Evaluation and Performance Measurement — 1 —Klerman

Performance Management Systems
and Evaluation:
Towards a Mutually Reinforcing Relationship

Jacob Alex Klerman

Principal Associate

Abt Associates

Abstract

Rigorous impact evaluation is needed to screen out programs and program innovations that are not effective or cost-effective. However, current strategy for rigorous impact evaluations is very expensive, leading to samples too small to detect the expected small impacts of incremental changes to ongoing programs. This paper argues that an alternative approach to rigorous impact evaluation—one that is better integrated with program operation and that exploits data collected as part of ongoing performance measurement systems—would be much cheaper and could therefore be used to assess the impact of incremental changes. Doing so is crucial since the kaizen approach to manufacturing suggests that big improvements are the cumulative result of many incremental changes.

Key words: Evaluation, Performance Measurement.

Paper prepared for “Improving the Quality of Public Services A Multinational Conference”; Moscow, June 27-29, 2011.

Address Correspondence to: Jacob Alex Klerman, Abt Associates, 55 Wheeler St., Cambridge, MA 02138-1168; Jacob_Klerman@ abtassoc.com

Evaluation and Performance Measurement — 1 —Klerman

Rigorous, independent program evaluations can be a key resource in determining whether government programs are achieving their intended outcomes as well as possible and at the lowest possible cost. Evaluations can help policymakers and agency managers strengthen the design and operation of programs. Ultimately, evaluations can help the Administration determine how to spend taxpayer dollars effectively and efficiently -- investing more in what works and less in what does not.

Peter Orszag, Director of Office of Management and Budget (2009;
emphasis added)

This paper considers the relationship between program operations, rigorous impact evaluation, and performance measurement systems.[1] We argue that current evaluations usually ask: Does this program work at all? The implicit policy response is to shut the program down. Given that most large social programs serve clear needs—and that the nature of the political process makes it difficult to kill even ineffective programs—a negative evaluation result for a program as a whole is not particularly useful.
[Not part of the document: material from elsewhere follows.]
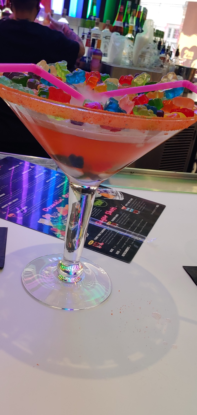 The presentation on these drinks is above and beyond. Gummy bears everywhere on top inside it’s heaped with gummy bears and they used dry ice for a bubbly smoking start! Check it out!
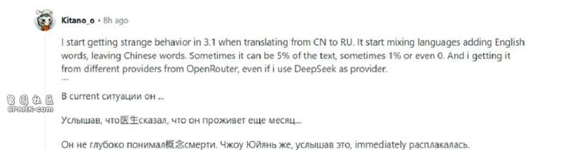 网友分享DeepSeek-V3.1多语言混用问题(图源:Reddit @Kitano_o)

In contrast to this question that current evaluations attempt to answer, program operators seek answers to a sequence of more detailed questions:[2] What incremental changes could we make to the program to make it more effective? Which aspects of the program are working? Are some program models to address our target population and our target program working better than others?
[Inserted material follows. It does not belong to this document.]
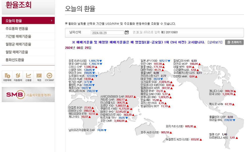λλ€. μλ¨μ 'νμ¨μ‘°ν' λ©λ΄λ₯Ό ν΅ν΄ μ€μκ°μΌλ‘ μ¬λ¬ κ΅κ°μ νμ¨μ νμΈν μ μμ΅λλ€.
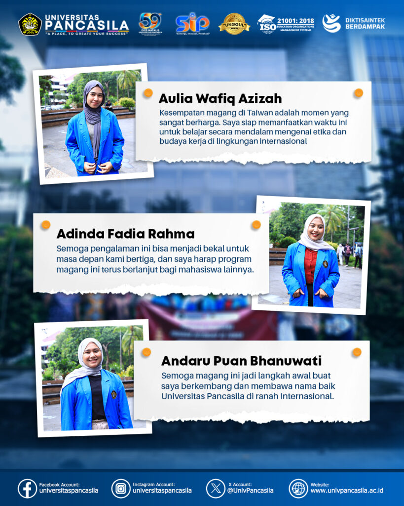 Program magang ini merupakan hasil kerja sama antara Universitas Pancasila dengan Zhong Heng Management dan Yu Zhong, yang selama ini menjadi mitra strategis dalam penempatan mahasiswa di berbagai industri perhotelan di Taiwan.

To a great extent because of the high costs of survey data collection, current evaluation strategy is too expensive to support the large samples and continuous exploration of incremental changes needed to address the program operator’s questions. This is unfortunate because the kaizen approach to manufacturing suggests that important improvements in productivity (for social program, in program impact) arise and cumulative effect of many incremental changes.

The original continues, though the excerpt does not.